Le chef de l’État sénégalais Macky Sall a annoncé, samedi 3 février, avoir abrogé son décret fixant au 25 février la date de la présidentielle, après la mise en place d’une commission parlementaire enquêtant sur deux juges du Conseil constitutionnel dont l’intégrité dans le processus électoral est contestée. « J’ai signé le décret du 3 février 2024 abrogeant le décret » du 26 novembre 2023 fixant la présidentielle au 25 février 2024, a dit le président du Sénégal dans son discours à la Nation, à quelques heures de l’ouverture de la campagne électorale pour le scrutin présidentiel pour lequel devaient concourir vingt candidats, sans deux ténors de l’opposition. »J’engagerai un dialogue national ouvert, afin de réunir les conditions d’une élection libre, transparente et inclusive », a-t-il dit dans son discours, sans donner de date.

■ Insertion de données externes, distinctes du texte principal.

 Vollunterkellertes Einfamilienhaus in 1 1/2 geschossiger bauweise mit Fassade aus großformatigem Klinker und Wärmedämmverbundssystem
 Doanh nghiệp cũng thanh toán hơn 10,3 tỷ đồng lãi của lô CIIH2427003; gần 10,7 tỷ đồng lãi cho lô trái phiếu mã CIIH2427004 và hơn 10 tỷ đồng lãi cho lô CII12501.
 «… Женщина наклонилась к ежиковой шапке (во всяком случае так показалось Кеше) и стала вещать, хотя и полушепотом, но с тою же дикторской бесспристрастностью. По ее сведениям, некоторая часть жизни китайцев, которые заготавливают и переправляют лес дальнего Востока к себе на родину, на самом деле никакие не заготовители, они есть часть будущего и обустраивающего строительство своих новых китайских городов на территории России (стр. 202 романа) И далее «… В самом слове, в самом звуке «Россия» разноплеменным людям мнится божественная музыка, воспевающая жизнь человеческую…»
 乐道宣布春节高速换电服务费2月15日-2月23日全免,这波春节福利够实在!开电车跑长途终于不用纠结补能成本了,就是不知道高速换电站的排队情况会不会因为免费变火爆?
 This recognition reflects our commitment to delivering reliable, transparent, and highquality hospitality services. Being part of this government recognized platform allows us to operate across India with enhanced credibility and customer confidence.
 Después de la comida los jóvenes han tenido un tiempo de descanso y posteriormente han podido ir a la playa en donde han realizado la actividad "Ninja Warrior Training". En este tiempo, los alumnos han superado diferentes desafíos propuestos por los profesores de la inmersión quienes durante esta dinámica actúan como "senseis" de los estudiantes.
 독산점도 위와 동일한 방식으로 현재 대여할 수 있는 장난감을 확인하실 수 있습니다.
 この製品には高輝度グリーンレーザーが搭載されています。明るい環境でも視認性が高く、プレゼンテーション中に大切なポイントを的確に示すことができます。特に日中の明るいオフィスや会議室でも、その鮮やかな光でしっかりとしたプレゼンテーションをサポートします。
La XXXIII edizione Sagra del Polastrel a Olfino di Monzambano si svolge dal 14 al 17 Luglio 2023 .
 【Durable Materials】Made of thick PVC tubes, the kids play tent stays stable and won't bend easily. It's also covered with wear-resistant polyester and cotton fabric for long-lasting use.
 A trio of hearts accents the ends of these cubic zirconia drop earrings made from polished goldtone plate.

Les États-Unis se sont déclarés « profondément préoccupés » par l’annonce du report sine die de l’élection présidentielle, et ont pressé les autorités de fixer « rapidement et dans le calme » une nouvelle date. »Nous exhortons tous les participants au processus électoral sénégalais à s’engager pacifiquement dans l’effort important visant à fixer rapidement une nouvelle date et les conditions d’une élection libre et équitable », affirme sur X le Bureau des Affaires africaines du département d’État, ajoutant que le Sénégal « a une forte tradition démocratique et de transitions pacifiques du pouvoir ».
C’est la première fois depuis 1963 qu’une présidentielle au suffrage universel direct est reportée au Sénégal, pays ouest-africain présenté comme un îlot de stabilité sur le continent. »Notre pays est confronté depuis quelques jours à un différend entre l’Assemblée nationale et le Conseil constitutionnel, en conflit ouvert sur fond d’une supposée affaire de corruption de juges », a expliqué Macky Sall.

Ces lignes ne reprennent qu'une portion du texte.